Fashion e-tailer Boohoo.com has reported a trendy 27% jump in full year revenue, which can be accredited to a rise in mobile phone traffic. The surge is sure to please investors, since the Manchester-based company saw its shares take a 40% hit following a profit warning in January, which it suffered amid heavy discounting and unseasonably warm weather that repelled shoppers from the high street.
The firm, which listed on the London Stock Exchange last March, sources, markets and sells own-brand clothing, shoes and accessories to a core market of 16-24 year-old customers – in Britain and globally – as it states on its website. The retailer said today that mobile traffic now represents nearly half of sessions and daily unique visitors to its website. In the last quarter alone, mobile conversion has improved by over 40% and today Boohoo said that the twelve months to the end of February generated sales of £139.8m.

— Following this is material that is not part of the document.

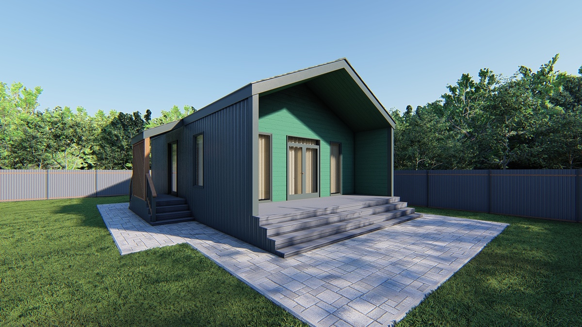 Проект дома в стиле барнхаус с акцентным зелёным цветом на торцах - современное решение для тех, кто ценит стиль и оригинальность. Такой дом идеально вписывается в природный ландшафт, создавая атмосферу гармонии. Дом площадью 72,18м² комфортно и эргономично организован. Входная зона представлена крыльцом (3,58м²) и тамбуром (3,70м²), что помогает сохранить тепло и чистоту в доме. Центральной частью является кухня-гостиная площадью 29м², условно разделённая на две функциональные зоны: зона приготовления и приёма пищи, а также зона отдыха, откуда можно выйти на просторную террасу площадью 12м². Это отличное место для встреч с семьёй и друзьями на свежем воздухе. В другом крыле расположены две уютные спальни по 10м² каждая, а также санузел (3,7 м²), размещённый удобно рядом с зонами отдыха. Такая планировка обеспечивает приватность и удобство для всех жителей. Выбор зеленого акцента не случаен. Он подчеркивает экологичность проекта и стремление к гармонии с природой. Такой дом будет выгл
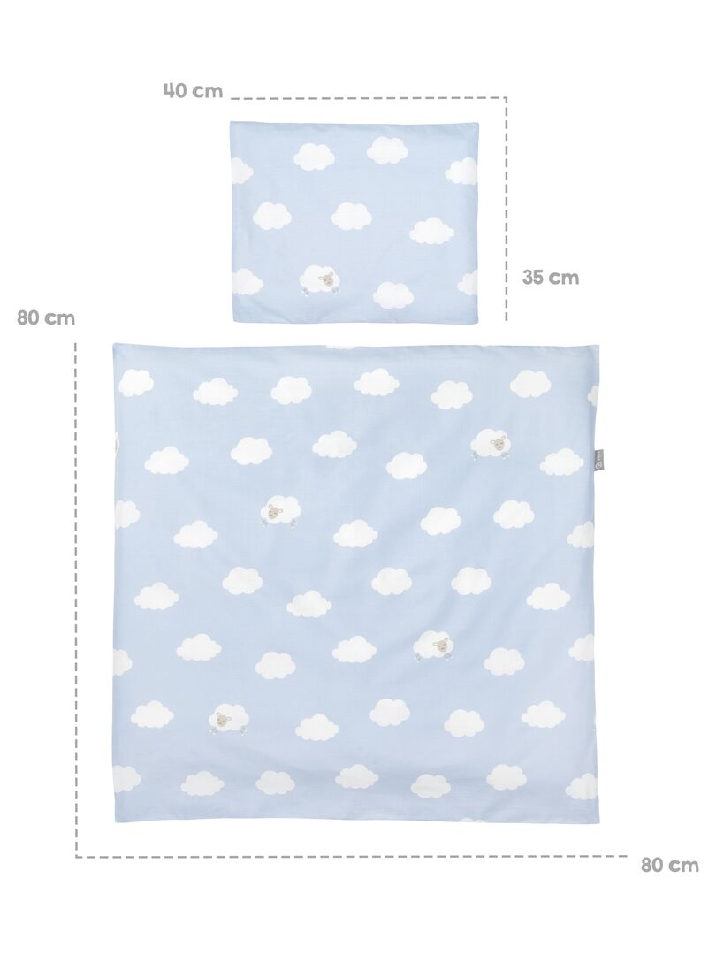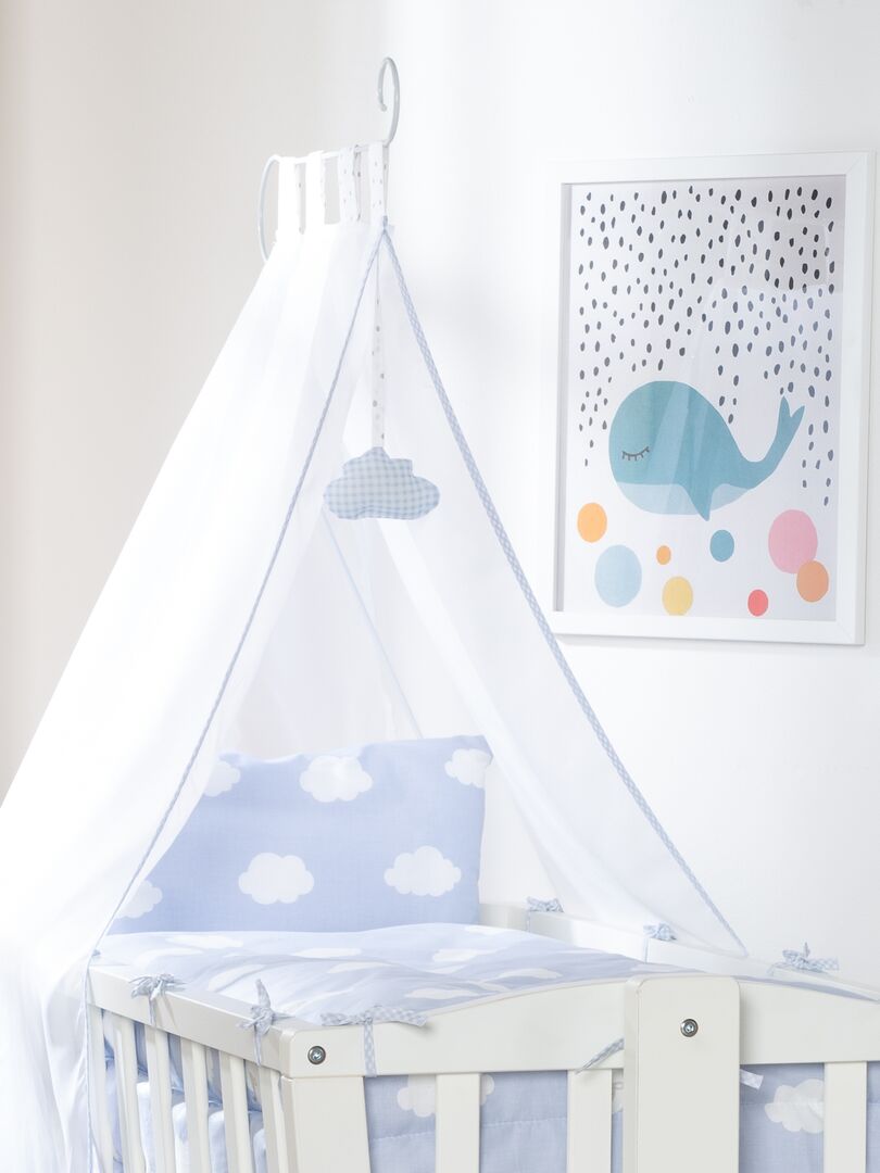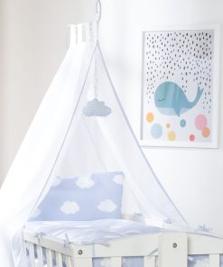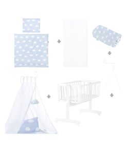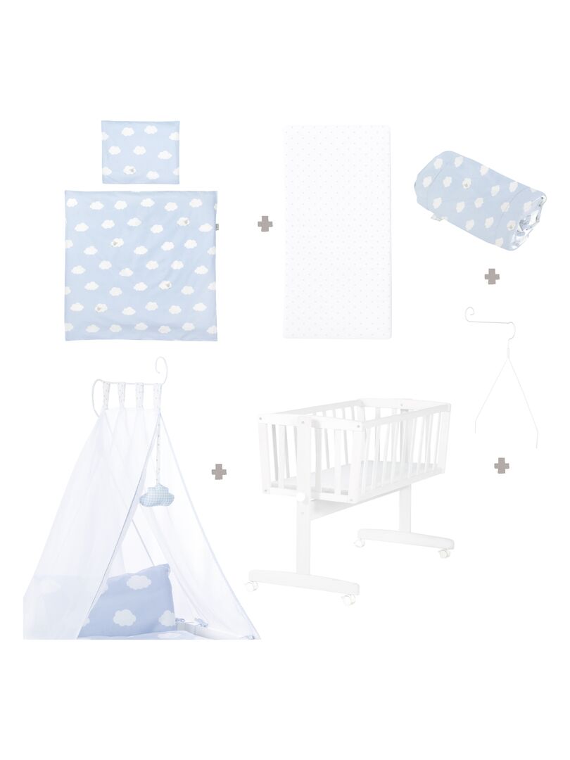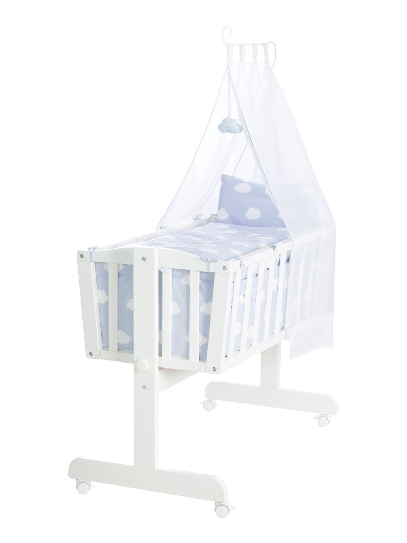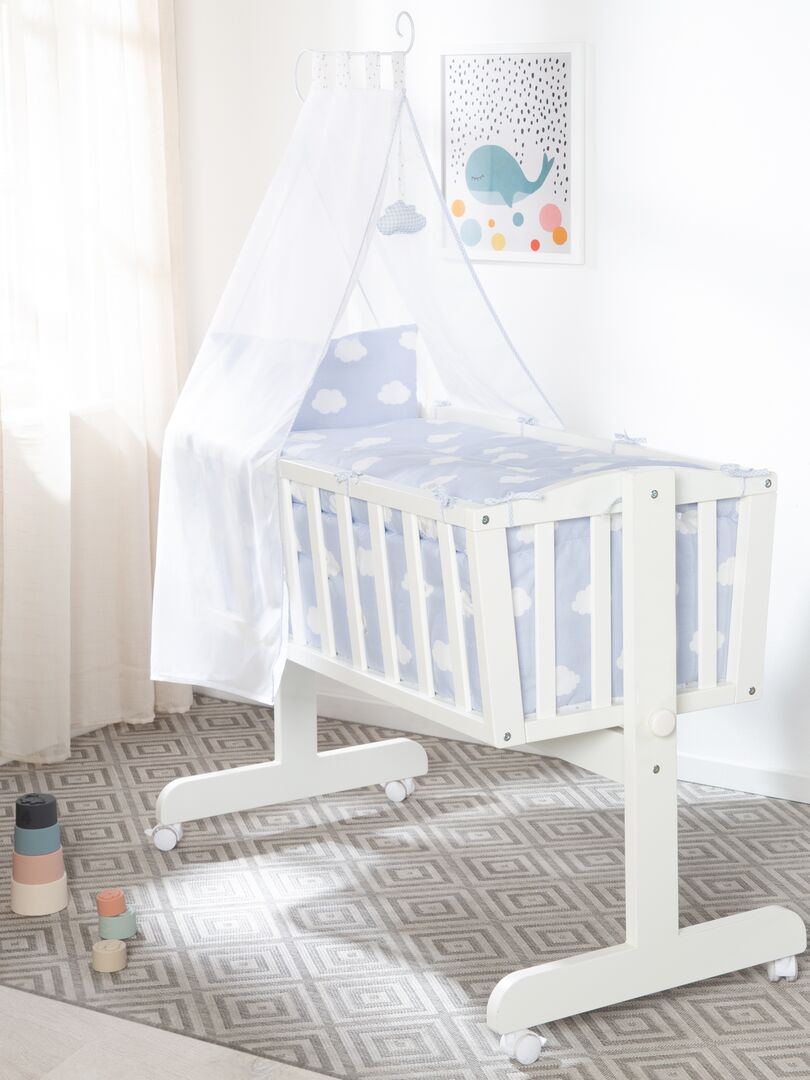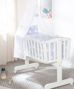 ROBA Berceau Petit Nuage Bleu Clair 40×90 cm + Équipement Complet – Bois Laqué Blanc – Blanc

“We remain absolutely focussed on execution and are increasing our marketing spend in 2015-16 to drive momentum in the business,” said joint Chief Executives Mahmud Kamani and Carol Kane.
“The board has considered the levels of cash in the business and will be seeking authorisation to buy back up to 10% of issued share capital to be approved at the next AGM,” they said in a statement.
Boohoo said it now has 3m active users, up 29% on the previous year, and it has put significant investment into its warehouse infrastructure and digital platforms, in response to operational issues that January saw.
In the last four years alone, the company’s headcount has grown by eightfold. A source close to the business told Retail Gazette this week that the retailer will not be focusing efforts on creating a brick-and-mortar presence in the near future, if it does, any physical stores will most likely be in Manchester.